Hertog Jan: A Perfect Night.
Loppemsestraat 48, 8210 Zedelgem, Belgium / 10 ноября 2016
First thing is to leave Bruges. Past the lines of modern quarters, through the local Beverly Hills. And suddenly you’re in an open field, rustic, without anything.
The house’s located right in the middle of the corn. Behind it, there’s a parking lot with cars just scattered around. Like from Peugeot 307 to Mercedes-AMG GT and Aston Martin DB9, barely accidently.
Then there comes reception, where they get you to go for a walk in their three stars kitchen garden; endless rows of whatever there is in the world from artichokes to nasturtiums are balking into the unrealistically perfectly trimmed lawn. So there you are wandering around with champagne, watching this really suspicious laser cut between the lawn and the garden: it’s so flat and clean that it could be fake; no moles, no dirt clods. It’s more like a full-scale maquette of a garden.

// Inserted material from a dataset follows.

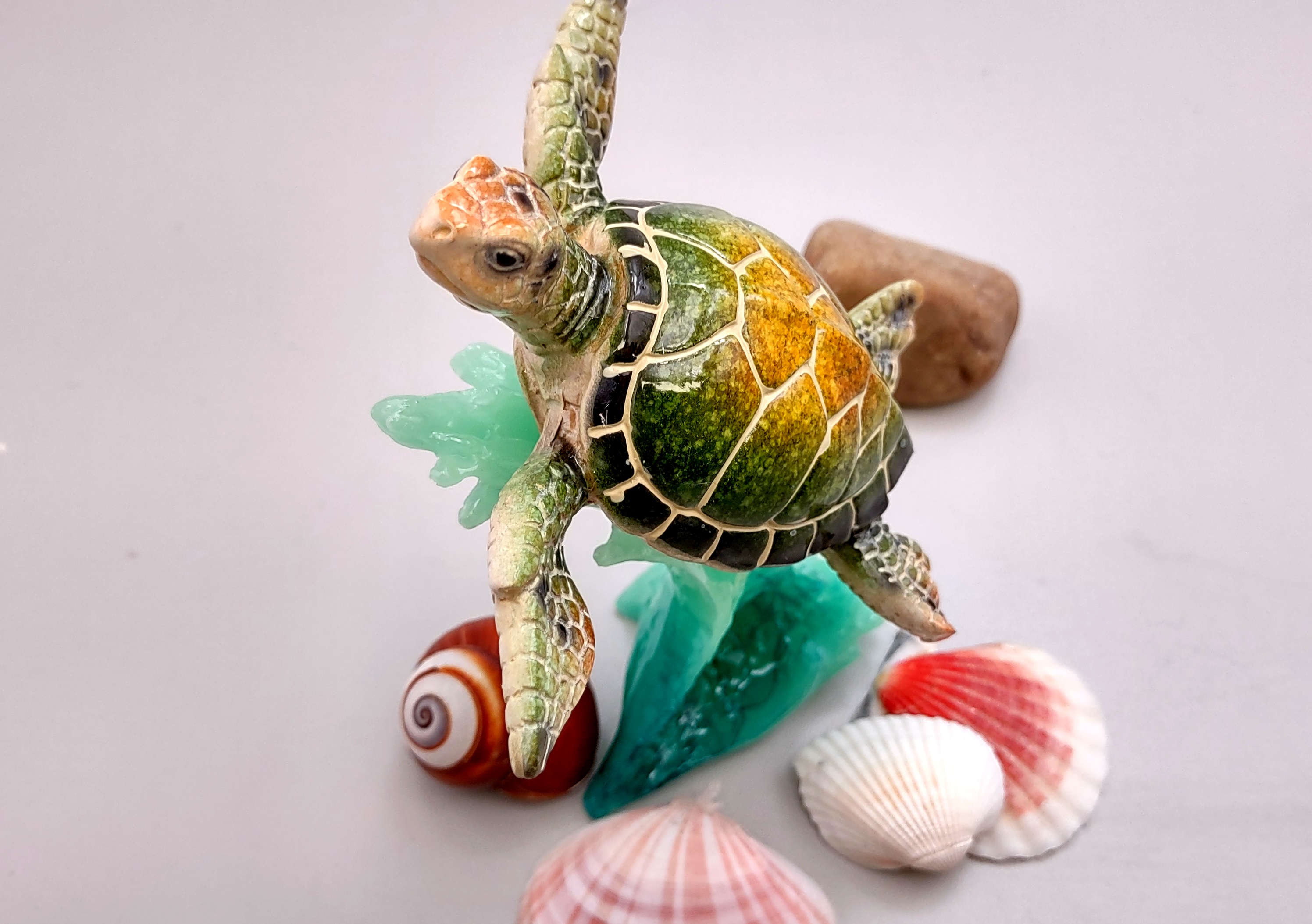 - Green Sea Turtle Figurine Riding A Wave

Back in the house there’s a realm of ideal straight geometry and multiple textures that vary from smoked wood to black brick, but in general – almost a void, sort of some gentle post-industrial.
Besides, the guys are arranged everywhere. Seems like they quit modeling and moved here into the village for the permanent residence. During the night, ten of them are to be changed by the table. Neat.

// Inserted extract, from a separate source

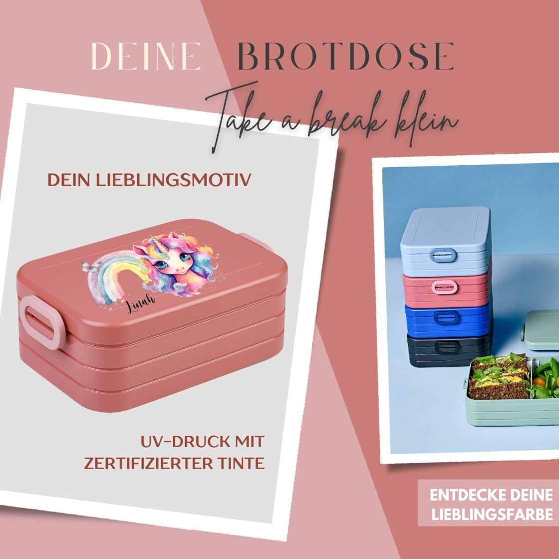Portapranzo personalizzato: portapranzo Mepal con stampa colorata di unicorno, arcobaleno, farfalla e nome. Clicca sul pulsante giallo “Personalizza ora” e personalizza un pezzo davvero unico. Design accurato: contenitore per il pranzo per bambini con scomparti e inserto bento con forchetta. Perfetto per porzionare un'ampia gamma di snack come yogurt, frutta, salse o dolci. Chiusura a clip adatta ai bambini e facile da aprire. Pratico nella vita di tutti i giorni: contenitore perfetto per le pause per la scuola, l'asilo, le escursioni e i viaggi. Il contenitore per il pranzo è a prova di perdite e può quindi essere idealmente portato con sé nello zaino della scuola. Stampa certificata: la personalizzazione e il motivo colorato sono adatti ai bambini e rispettosi dell'ambiente. Il corpo del contenitore per il pranzo è lavabile in lavastoviglie. Il regalo perfetto: sorprendete ragazze e ragazzi con un regalo distintivo per l'inizio della scuola, i compleanni e ogni altra occasione. Un'idea regalo unica e personalizzata.

The girls here resemble cargo: endlessly carrying full or empty trays putting them in/ taking them out of the transparent kitchen.
Well, then the food (from 130 to 485 per person per set, three stars, whatever).
The food is worth it.
Just worth it. That’s it.
Absolutely everything is good, needless to emphasize something in particular. Some things are simply good, others are indecently good.
The place definitely deserves a specially planned visit.
We took a six course set — 175eur (and three complements, each is like half of the course), plus wine, aperitifs and water = 559eur for two people. Definitely not for free. But again, it’s worth it.
PS: The only thing’s that when choosing the menu on their site (and it must be chosen when booking), I’d recommend lying that you have an allergy to … black caviar. I mean this is not a place for caviar. They value it way too much, so the dishes with it are really stupid. They’d better be replaced with something more talented.